With schools closed, friends and family physically distancing, and normal activities restricted, we wanted to hear what young people are doing to help them deal with the anxiety and uncertainty that these changes can bring.
With schools closed, friends and family physically distancing, and normal activities restricted, teenagers are going through a period of change in the wake of coronavirus.
We wanted to hear what young people are doing to help them deal with the anxiety and uncertainty that these changes can bring, and so we got in touch with the students who took part in our 2019/20 Transition Year (TY) Programme.
Here, some of the group share their tips and the little things they are doing to keep strong and promote positive mental health.
Aoife, 16 years old
“To deal with the uncertainty around the coronavirus, I find it helpful to go to bed at a normal time and get up at a normal time. I find that is helps me get set up for the day well, as it is structured.”

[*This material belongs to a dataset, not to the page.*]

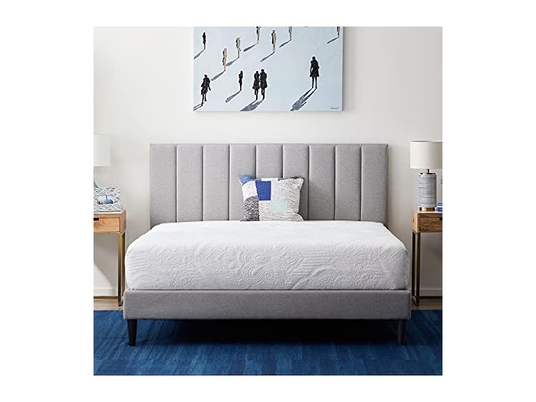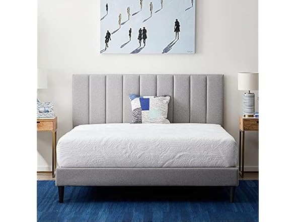 - STYLISH DESIGN – The light gray headboard comes with vertical lines, providing stylish channels with padded foam and polyester for a cushioned texture to any Queen bed frame.

“I also find watching a bit of Netflix once I have my school work finished is a great way to destress and take a break from the craziness the virus brings with it.”
Kaitlyn, 15 years old
“During the coronavirus, I’ve moved in with my grandparents, looking after my great-grandmother. I think it’s a difficult time for everyone, but especially elderly people. I’m trying to keep busy so I’m not spending all my time on my phone”
Claudine, 16 years old
“To help with my stress and thoughts evolving around the coronavirus, I paint. I got a few paint sets for Christmas where you have to match the number with a certain colour and a picture starts to show. I find this really relaxing and it takes my mind off things completely.”
Jason, 15 years old
“I feel like the whole quarantine idea is obviously a bit odd to me, but I also feel like it’s a perfect opportunity to catch up on hobbies I usually wouldn’t do, such as reading novels.”
"During this time of coronavirus, I have been trying my best to take care of my mental health as much as I possibly can. Along with keeping up to date with online school, I have been trying to incorporate physical activity into my daily routine, whether that’s going for a walk or run or even just doing a short workout video. I find that this puts my mind at ease during these difficult and stressful times. I have also tried to take advantage of all the time I have on my hands, by developing new skills and improving other ones. I have enjoyed playing instruments, baking,playing basketball and many more over these past few weeks.
I think it is very important to keep in touch with friends and family during times like these, when you are unable to see them in person. Facetiming friends every couple of days helps incorporate a sense of normality. I also try to call my grandparents a few times a week, just to check up on them and see how they are, as this is a very worrisome time for them. I think all of these factors combined are helping me keep a positive mindset during the coronavirus."
“During these tough times that came quite fast, I kept myself occupied with school work and with some art which is a hobby that I enjoy a lot. I thought I'd create a pencil drawing with a pleasant message. We are living through a hard period but I am believing that all of this would change.”